If every one who reads a newspaper read all of the advertisements carefully, the benefits of advertising would be multiplied many times. Unfortunately for the advertiser, this is not the case. Many readers give but scant attention to the advertising columns and others ignore them altogether. A great many ways have been devised by ingenious merchants to attract attention to their advertisements.

To accomplish this end, one merchant conceived the idea of marking his ads with a blue pencil. By arrangement with the publishers of the paper, he had a boy to encircle his ad with a blue pencil mark in each copy of the paper as it came from the press. The plan worked very well for the first few times as every one thought the advertisement was marked especially for him. Of course this scheme could not be used with a paper which has a large circulation nor could it be used a great number of times.

In the same way another advertiser had bright red posters stuck in a blank space in the middle of his ad. The brilliant spot of color caught the reader's eye immediately, but this scheme also would be found impracticable except with a paper of small circulation.

The weather indications printed regularly in an advertisement will influence many readers to turn to that particular ad and some merchants print the daily base ball scores, which answers the same purpose.

For a number of years an Eastern merchant drew attention to his advertisements in an unusual way. Each day there appeared at the top of his ad a humorous observation on some current event of national or local importance. These "squibs" were always bright and witty and after a while they came to be looked for regularly by almost every one who read the papers in which they appeared. They were written by a newspaper man who was probably paid a good price for them. It would be difficult to say whether the advertiser derived any real benefit from this scheme, but it is probable that he did. At any rate he got quite a bit of general advertising.

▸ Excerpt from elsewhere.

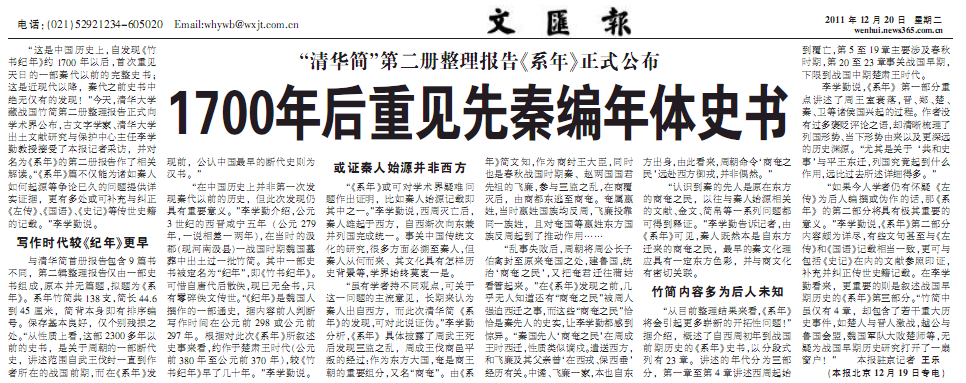 12月20日《文汇报》“国内新闻版”头条以 《1700年后重见先秦编年体史书》 对《清华大学藏战国竹简(贰)》进行了报道。(记者:王乐)
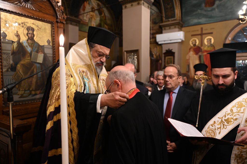 Ἡ ταπεινότης μου καὶ οἱ λοιποὶ ἅπαντες ἐγκαρδίως εὐχόμεθα, ἡ ἀπονεμηθεῖσα τῇ ὑμετέρᾳ Ἐντιμολογιότητι διάκρισις καί τιμή νὰ εἶναι προτροπή εἰς ἐνίσχυσιν τῆς νήψεως καί ἐγρηγόρσεως δι’ ὧν πιστὸς καὶ ἐπιστήμων γνωρίζονται καὶ ἀναγνωρίζονται παρὰ Θεῷ καὶ ἀνθρώποις. Νὰ εἶναι ἐνδυνάμωσις τῆς ἐνθέου διακονίας σου καί οὐχί ἐγκαύχησις καί μετεωρισμός.

A grocer set apart a small space in one corner of his advertisement in which he published daily a cooking receipt. The receipts were carefully selected and were always seasonable. This would no doubt appeal to the housewife. Another advertiser published a conundrum daily with the answer in the following day. The conundrums were for the most part originated by himself or were old ones twisted about to suit his purpose. All of them were made in some way to apply to the store, and as most people are more or less interested in riddles, these furnished considerable amusement and talk. They probably served very well the purpose for which they were intended.

Another plan that has been used frequently is to offer a reward to the first person who discovers and reports a misspelled word or typographical error appearing in an advertisement. To add to the interest of this scheme, words are sometimes misspelled purposely. A scheme that is popular just now is to offer prizes for the best rhymes or jingles written about the store.

In fact there is no end to the variety of schemes employed to induce the attention of the reading public. On the other hand, many advertisers will have nothing to do with devices of this sort. They consider such methods as undignified and outside the pale of legitimate advertising. We are disinclined to agree with them in that respect.

Of course dignity in advertising is all well enough, but it can be easily overdone. Many advertisements which the writer fondly believes to be dignified are, as a matter of fact, most commonplace and prosy. Advertising is a matter of business, not of sentiment, and the best advertising is that which yields the best returns in dollars and cents. Any straightforward, honest scheme which serves to draw attention to an advertisement is legitimate and permissible.